Extracted entries »
########################################

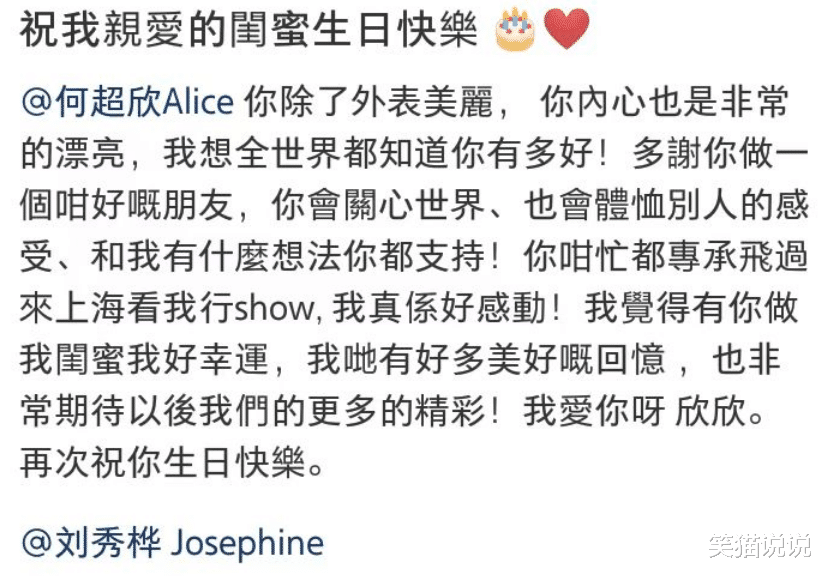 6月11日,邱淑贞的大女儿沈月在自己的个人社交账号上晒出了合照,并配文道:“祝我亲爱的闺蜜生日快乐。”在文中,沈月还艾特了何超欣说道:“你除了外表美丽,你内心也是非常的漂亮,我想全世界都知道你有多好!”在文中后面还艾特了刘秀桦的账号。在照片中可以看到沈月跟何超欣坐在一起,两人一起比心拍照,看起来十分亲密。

########################################

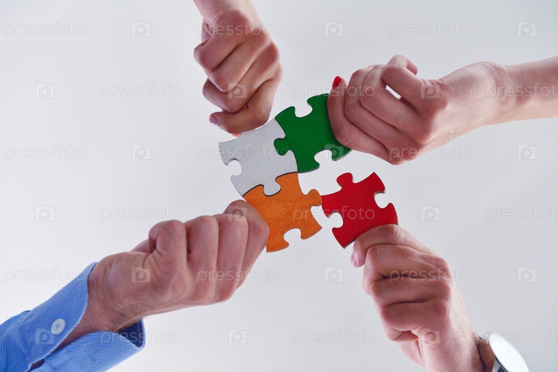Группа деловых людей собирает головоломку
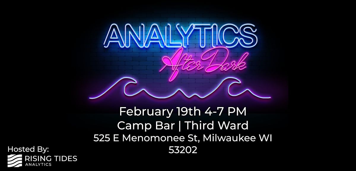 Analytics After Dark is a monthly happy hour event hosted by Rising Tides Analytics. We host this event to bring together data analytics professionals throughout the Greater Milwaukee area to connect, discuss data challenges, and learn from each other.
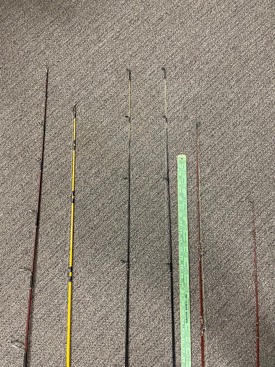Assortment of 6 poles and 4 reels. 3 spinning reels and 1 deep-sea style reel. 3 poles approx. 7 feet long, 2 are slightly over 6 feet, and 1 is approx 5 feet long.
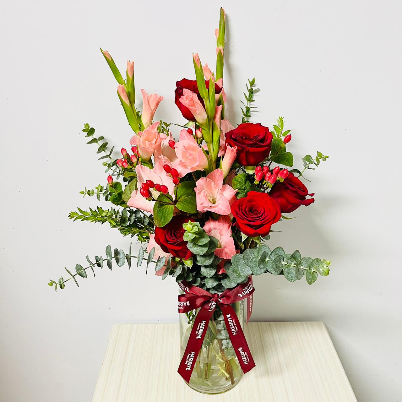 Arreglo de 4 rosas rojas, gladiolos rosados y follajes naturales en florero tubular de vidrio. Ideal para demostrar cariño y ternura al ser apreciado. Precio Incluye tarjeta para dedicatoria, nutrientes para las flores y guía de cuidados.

########################################

Problem requirements » Set down exactly the lines above, from the line containing "Группа деловых людей собирает головоломку" through the line containing "Arreglo de 4". Skip the pictures.

Solution for this exercise »
Группа деловых людей собирает головоломку
 Analytics After Dark is a monthly happy hour event hosted by Rising Tides Analytics. We host this event to bring together data analytics professionals throughout the Greater Milwaukee area to connect, discuss data challenges, and learn from each other.
Assortment of 6 poles and 4 reels. 3 spinning reels and 1 deep-sea style reel. 3 poles approx. 7 feet long, 2 are slightly over 6 feet, and 1 is approx 5 feet long.
 Arreglo de 4 rosas rojas, gladiolos rosados y follajes naturales en florero tubular de vidrio. Ideal para demostrar cariño y ternura al ser apreciado. Precio Incluye tarjeta para dedicatoria, nutrientes para las flores y guía de cuidados.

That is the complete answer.